# Odd behaviour, steps on cat or other dog on purpose



## Maddy Sperling (May 29, 2016)

*DC area goldens!*

Tobykatt sees Emma as a predator he's trying outsmart. Cats' ancestors needed to survive despite being prey and predator. As prey they're pretty arrogant though. That's why Tobycatt messes with Emma and Billy like this. 
On a related note, my snowy interacts with one of my friends kittens once a week and never moves. She just stares instead while the kitten tries to play with her. 
She has had major social anxiety after being attacked (no injury). She doesn't have a mean bone in her body but she is much more comfortable around other goldens. She spent her first year and a half at a puppy mill until she was rescued then lived exclusively other goldens. 
We live in chevy chase and walk in rock creek park where snowy loves to swim. 
Let me know if you walk there!


----------



## dianev00 (Jul 20, 2017)

My last golden, Andy, accidentally stepped on my cat, Bo. Once Andy was so excited that he backed up and planted his back paw right in the middle of Bo's stomach. Now, my cat is a flame point Siamese. He is the most laid back cat I've ever owned and he loved my Andy. Wouldn't raise a claw to him or us. But when that goofball stepped on him, that cat screeched at the top of his lungs. 

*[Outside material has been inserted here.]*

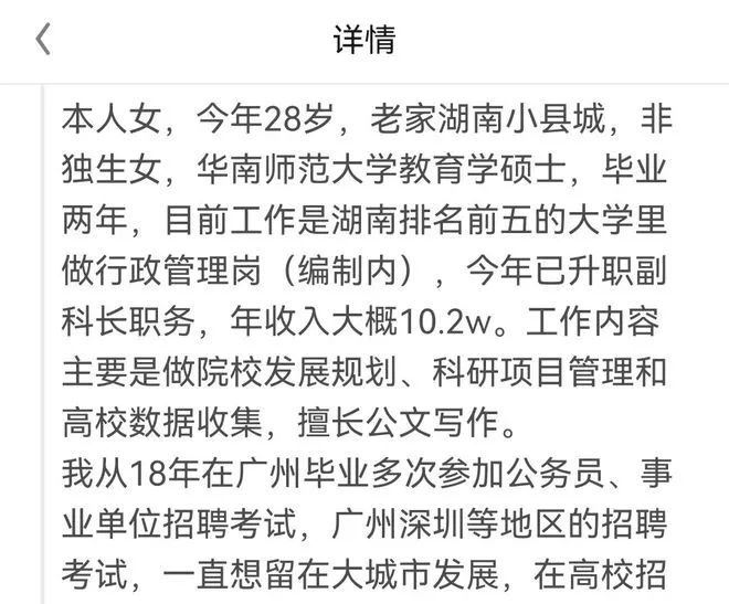 如今有些年轻人在困扰,是该留在大学的稳定工作,还是去外地打拼?就拿那些家里有弟弟的女孩来说,她们完全可以先去华南念书,然后再回家乡发展。有一个叫幽哥(音译)的小伙子最近收到了家乡小城的人才引进试招通知书。要是面试给力,通过了,那可是能拿到事业单位编制的!但这也意味着,得跟老婆坦白点事儿,包括是不是要结婚这个问题。

Bo also used to have this game he played with Andy where he would hide behind a chair in the living room and he'd shoot out at Andy, pounce him, then run and hide behind another chair or hide somewhere in another room. Andy would chase Bo and bark at him (tail wagging of course) and play bow. Then when Andy wasn't looking, Bo would shoot out and that crazy dog would run after him. Those two would play for hours.


----------